Make `Length` a fixed-width `uint64_t` (adding `<stdint.h>`), so the field is 
consistently 8 bytes regardless of data model. On LP64 (the common 64-bit Unix 
case) `unsigned long` is already 8 bytes, so there's no layout change there; 
the layout only changes where `unsigned long` wasn't 8 bytes (Windows / 32-bit) 
— which is the point.

The two internal debug `fprintf`s of `Length` are updated from `%ld` to `%llu` 
(with an `unsigned long long` cast) to match the new type. `c-index-test.c`'s 
uses are assignments / `malloc` / `fread` sizes and remain correct via implicit 
conversion.

As the issue notes, this **intentionally alters libclang's C API layout**; 
documented in the release notes.

Closes #160729.

(Picking this up since @nizarbenalla marked it up for grabs.)

>From 6642a5cffa9543819e29f34f3e31753758c331e1 Mon Sep 17 00:00:00 2001
From: Scott Boudreaux <[email protected]>
Date: Thu, 18 Jun 2026 20:55:54 -0500
Subject: [PATCH] [libclang] Make CXUnsavedFile::Length a fixed-width uint64_t

CXUnsavedFile::Length was `unsigned long`, whose width depends on the data
model: 4 bytes under LLP64 (Windows) and 8 bytes under LP64. The struct
layout therefore differs across platforms, which corrupts the length or
crashes FFI consumers that bind the C API with a fixed-size assumption
(e.g. the OpenJDK CODETOOLS-7904079 downstream bug).

Use uint64_t so the field is consistently 8 bytes.
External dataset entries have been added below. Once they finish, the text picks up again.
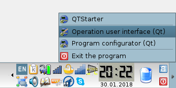 In the case of missing the starter dialog window and all windows of the Qt GUI modules, the program can be started up or collapsed to the system tray (Fig.3) created by this module.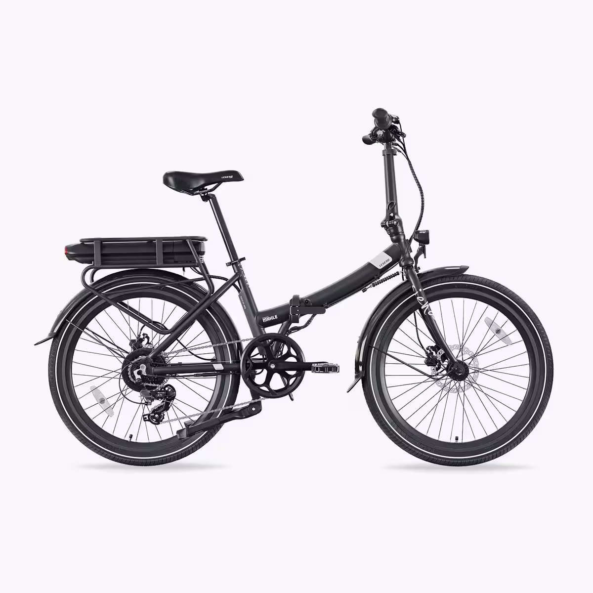 CONFORTABLE ET SÛRE Confort et sécurité remarquables grâce à sa selle ergonomique, son dérailleur Shimano à 7 vitesses, ses freins hydrauliques à disque pour un freinage à la fois efficace et progressif, et des roues de 24″ munies de pneus à effet « full suspension ». La taille intermédiaire de ces roues favorise une conduite extrêmement confortable sans compromettre la fonctionnalité d’un vélo pliant.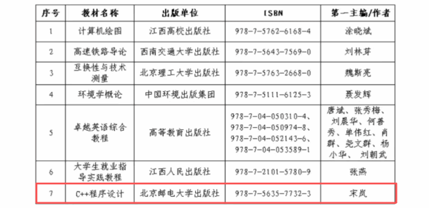 近日,江西省教育厅发布《关于公布江西省普通高等教育本科省级规划教材入选名单的通知》(赣教高字[2026]7号),信工学院宋岚老师主编的《C++程序设计》成功入选第二批江西省“十四五”普通高等教育本科省级规划教材。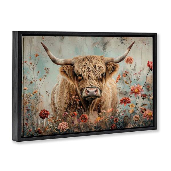 Spring Blooms Highland Cow by LSR Design Studio Black Floater Frame Animal Graphic Art Print 21 in. x 31 in.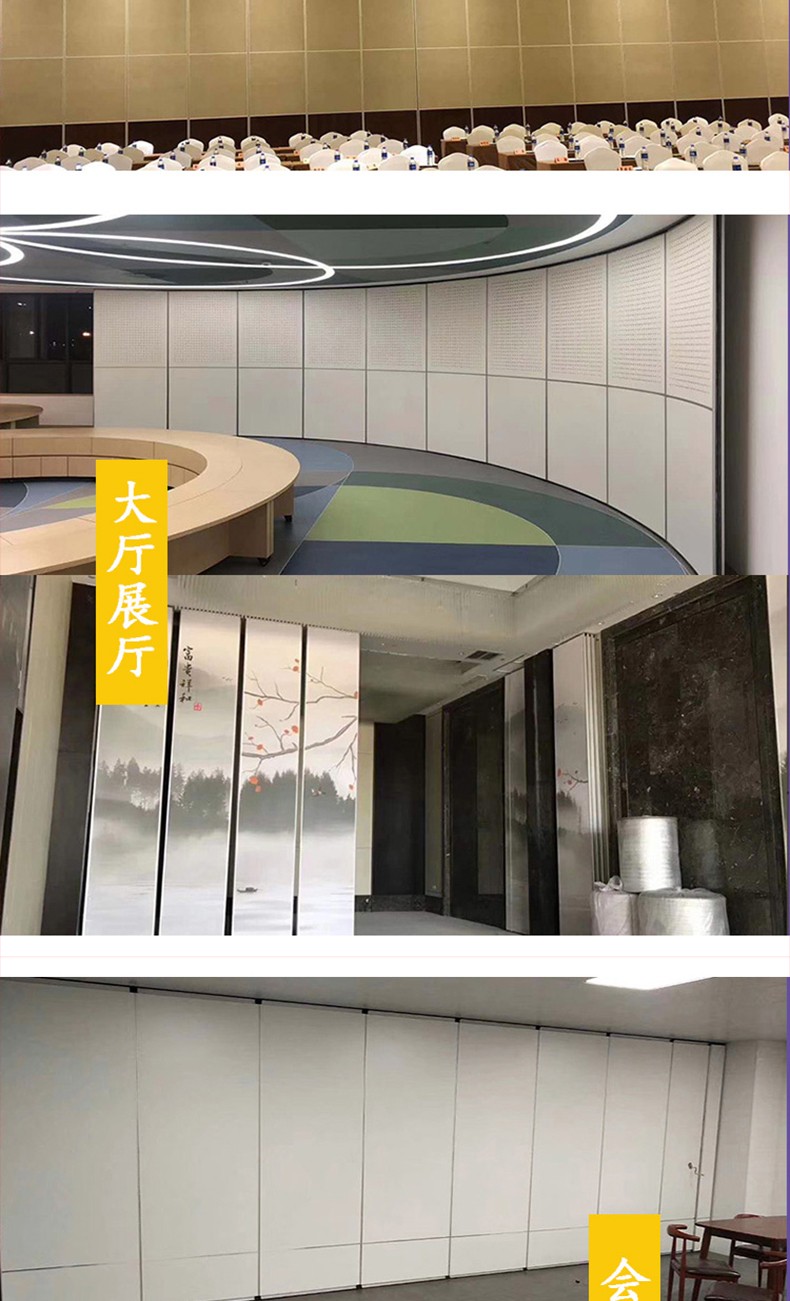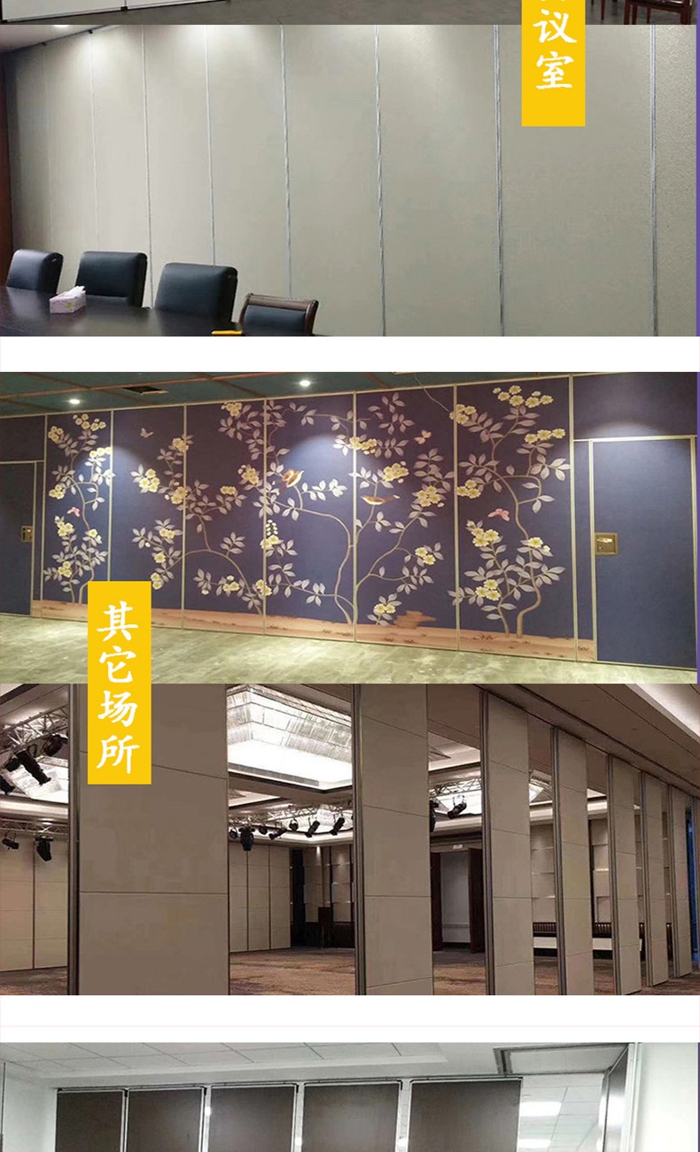 2、活动隔墙板由高硬度铝合金为框架,高强度的钢制骨架、橡胶、隔音棉及饰面板组成。

The two internal debug
prints are switched from %ld to %llu to match. This is an intentional ABI
change to libclang's C API, documented in the release notes.

Fixes #160729.
---
 clang/docs/ReleaseNotes.rst       | 6 ++++++
 clang/include/clang-c/Index.h     | 8 +++++++-
 clang/tools/libclang/CIndex.cpp   | 4 ++--
 clang/tools/libclang/Indexing.cpp | 4 ++--
 4 files changed, 17 insertions(+), 5 deletions(-)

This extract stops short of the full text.